Reproduce, from the lines below, exactly the stretch that begins at the line containing "walk out unharmed" and ends at the line containing "5Корм для собак", both included.

| RECORD EXCERPTS |
..............................

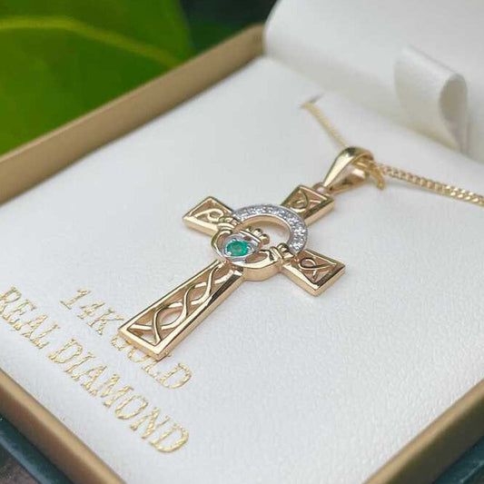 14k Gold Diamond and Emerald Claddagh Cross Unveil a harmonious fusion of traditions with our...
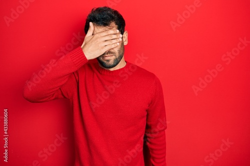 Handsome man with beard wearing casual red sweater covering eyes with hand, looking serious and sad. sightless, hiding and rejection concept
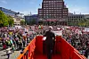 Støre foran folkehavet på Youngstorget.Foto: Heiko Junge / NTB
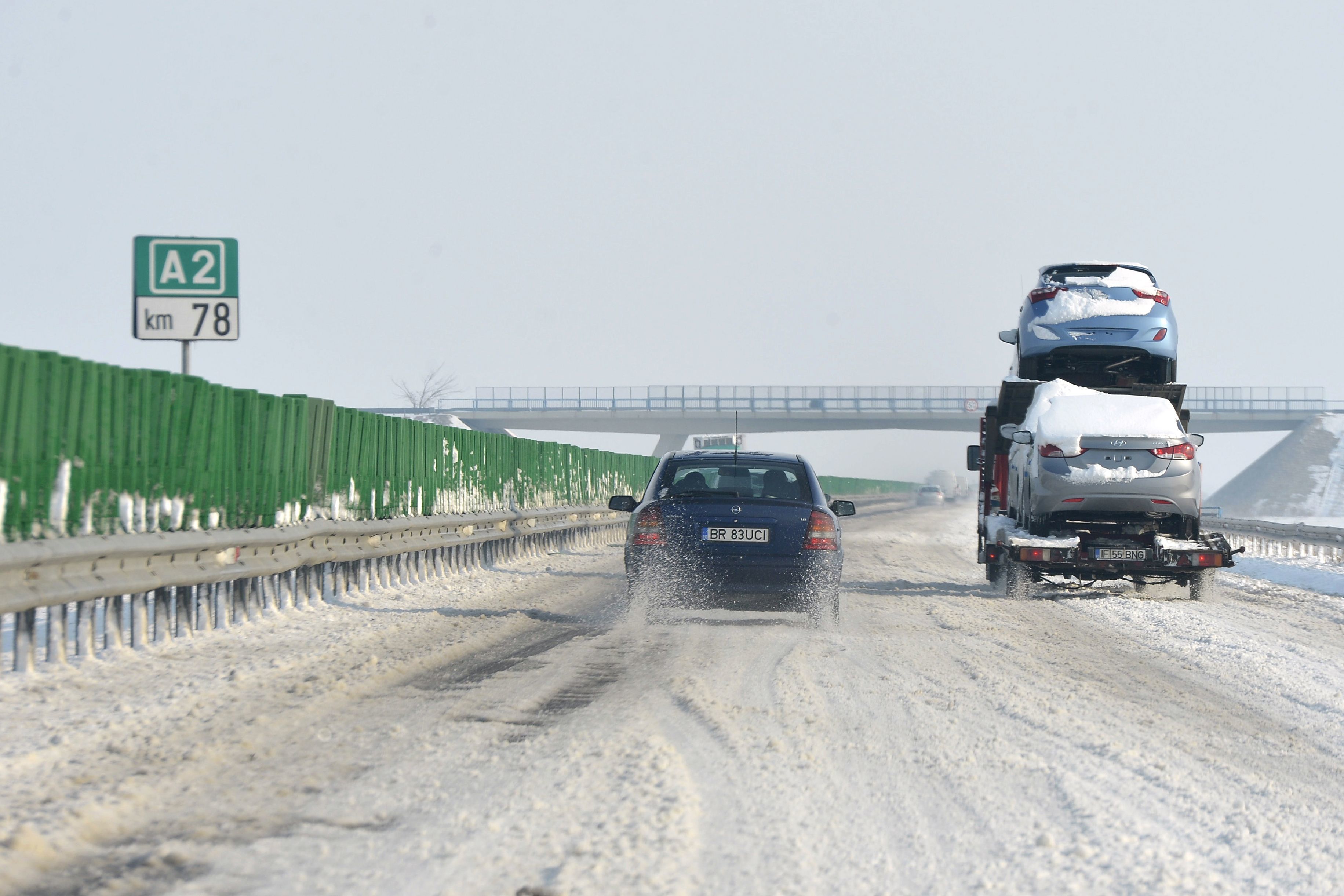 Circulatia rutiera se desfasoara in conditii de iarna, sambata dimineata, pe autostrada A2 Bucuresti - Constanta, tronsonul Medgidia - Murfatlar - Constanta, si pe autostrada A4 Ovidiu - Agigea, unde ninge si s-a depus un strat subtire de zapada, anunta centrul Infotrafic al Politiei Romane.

..............................

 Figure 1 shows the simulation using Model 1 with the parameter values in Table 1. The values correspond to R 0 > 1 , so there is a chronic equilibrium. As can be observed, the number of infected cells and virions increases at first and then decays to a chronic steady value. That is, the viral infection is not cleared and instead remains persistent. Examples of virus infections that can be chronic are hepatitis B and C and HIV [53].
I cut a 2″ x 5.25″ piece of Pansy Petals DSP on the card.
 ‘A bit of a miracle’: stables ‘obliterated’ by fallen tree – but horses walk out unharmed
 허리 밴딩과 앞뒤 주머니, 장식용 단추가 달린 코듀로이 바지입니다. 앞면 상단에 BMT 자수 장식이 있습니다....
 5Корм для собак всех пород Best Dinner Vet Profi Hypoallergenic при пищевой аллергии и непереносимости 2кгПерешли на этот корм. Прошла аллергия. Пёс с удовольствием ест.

..............................

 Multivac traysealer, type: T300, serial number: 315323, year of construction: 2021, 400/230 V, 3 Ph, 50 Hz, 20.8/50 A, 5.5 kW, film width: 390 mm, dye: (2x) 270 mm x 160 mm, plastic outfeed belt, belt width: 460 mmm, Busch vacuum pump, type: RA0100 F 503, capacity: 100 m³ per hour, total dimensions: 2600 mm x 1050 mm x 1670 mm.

..............................

| YOUR RESPONSE |
 ‘A bit of a miracle’: stables ‘obliterated’ by fallen tree – but horses walk out unharmed
 허리 밴딩과 앞뒤 주머니, 장식용 단추가 달린 코듀로이 바지입니다. 앞면 상단에 BMT 자수 장식이 있습니다....
 5Корм для собак всех пород Best Dinner Vet Profi Hypoallergenic при пищевой аллергии и непереносимости 2кгПерешли на этот корм. Прошла аллергия. Пёс с удовольствием ест.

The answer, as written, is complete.